There is no set allocation and the offering depends on availability.  Essentially, it is a supply and demand thing.  I would book when you are comfortable.  Treat it like buying an airline ticket.  We all hold out to some point and then accept the rate and non-refundable ticket.  But, before I would book the F&F, I would look at the regular rates (ones you can cancel) as sometimes they are the same.  You could book one of those and keep checking back for the F&F if you wish and then when you get closer and if the rates get lower, you can book that one and cancel the other.  

There just isn't a definitive answer.  My family never books more than a month out unless we only have the one option for the hotel.


----------



## mickeyluv

Rupert B Puppenstein said:


> There is no set allocation and the offering depends on availability.  Essentially, it is a supply and demand thing.  I would book when you are comfortable.  Treat it like buying an airline ticket.  We all hold out to some point and then accept the rate and non-refundable ticket.  But, before I would book the F&F, I would look at the regular rates (ones you can cancel) as sometimes they are the same.  You could book one of those and keep checking back for the F&F if you wish and then when you get closer and if the rates get lower, you can book that one and cancel the other.
> 
> There just isn't a definitive answer.  My family never books more than a month out unless we only have the one option for the hotel.



Thanks so much for the help, I really appreciate it!  I will check the regular rates also.  Really appreciate your advice about waiting till about a month out...was thinking about that time frame myself, hopefully they won't be booked!


----------



## softballmom3

Thanks a lot for posting this link!  I know we will be staying somewhere on the way down and on the way back so hopefully we can use this. Much appreciated!


----------



## Rupert B Puppenstein

softballmom3 said:


> Thanks a lot for posting this link!  I know we will be staying somewhere on the way down and on the way back so hopefully we can use this. Much appreciated!



Keep some of the forms with your stuff just in case you need to make a reservation with short notice.  When you click on my link, it has my full name on the first page, and then it has print waiver - just print out a couple and fill them out so that just in case the front desk asks for the form, you have one.  Some front desks don't ask for them...but it is worth having them handy regardless.  Oh, and make sure that the hotels you book have the new logos for Holiday Inn and Holiday Inn Express.  They have to meet minimum qualifications, quality scores, etc. to get that signage so you know that those are the good properties.  Plus, they have the new comfy bedding.


----------



## greenclan67

I have a question, but first off, thanks so much for posting this!
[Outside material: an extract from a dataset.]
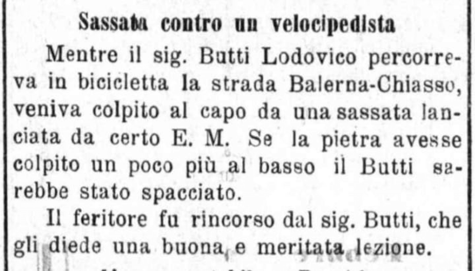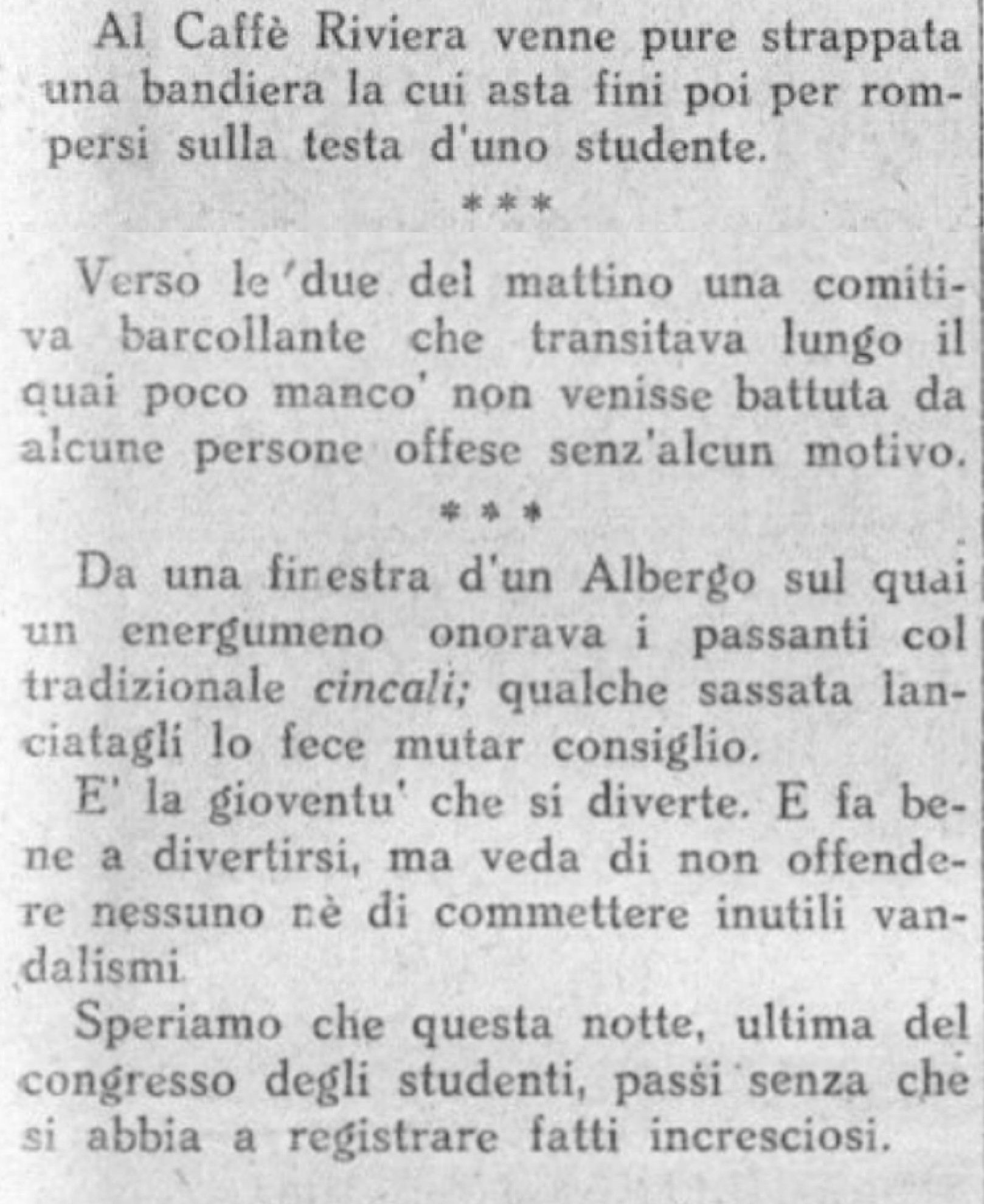 Per tornare alle goliardate, Gazzetta ticinese descrive le seguenti: - "Al Caffè Riviera venne strappata una bandiera la cui asta finì poi per rompersi sulla testa di uno studente". Singolare la vicenda di quest’asta che apparentemente motuproprio va a infrangersi su un nibelungico capo. Viene il dubbio che forse una certa ostilità tra partecipanti al convegno e cittadini luganesi abbia avuto una parte in questa circostanza. Tanto più che tra le altre "mattane" descritte da Gazzetta ticinese troviamo quanto segue: - "Verso le due del mattino una comitiva barcollante che transitava lungo il quai poco mancò non venisse battuta da alcune persone offese senz’alcun motivo". E infine (e qui siamo sul pirotecnico): - "Da una finestra d’un Albergo sul quai un energumeno onorava i passanti col tradizionale ‘Cincali’; qualche sassata lanciata lo fece mutar consiglio". Vittima anch’egli di una "sassata" è stato il "velocipedista" Lodovico Butti, intento a scendere da Balerna a Chiasso. Tanto sfortunato quanto intraprendente, riuscì comunque a rincorrere e raggiungere un non meglio specificato E.M. (molti commentatori social odierni schiumerebbero rabbia, pretendendo "nome e cognomeeeh!" del responsabile) per dargli una "buona e meritata lezione".

I had a friend that used to work for choice hotels, and she used to share hers as well, and we were very greatful when travelling with our kids for ringette! So thank you so much!
 I am going to Florida in March, and I have been watching and checking on her for Orange Lake, never stayed there but it looks great! I can find other dates that offer the 2 bed villa for like $68 or something. When do you think I will get the price out for March, and can I hold out that long without booking something? Also, does that include the waterpark when you stay there, and can you put in a request for where you would like to be? SO many questions, but again thank you very much!


----------



## Rupert B Puppenstein

greenclan67 said:


> I have a question, but first off, thanks so much for posting this! I had a friend that used to work for choice hotels, and she used to share hers as well, and we were very greatful when travelling with our kids for ringette! So thank you so much!
> I am going to Florida in March, and I have been watching and checking on her for Orange Lake, never stayed there but it looks great! I can find other dates that offer the 2 bed villa for like $68 or something. When do you think I will get the price out for March, and can I hold out that long without booking something? Also, does that include the waterpark when you stay there, and can you put in a request for where you would like to be? SO many questions, but again thank you very much!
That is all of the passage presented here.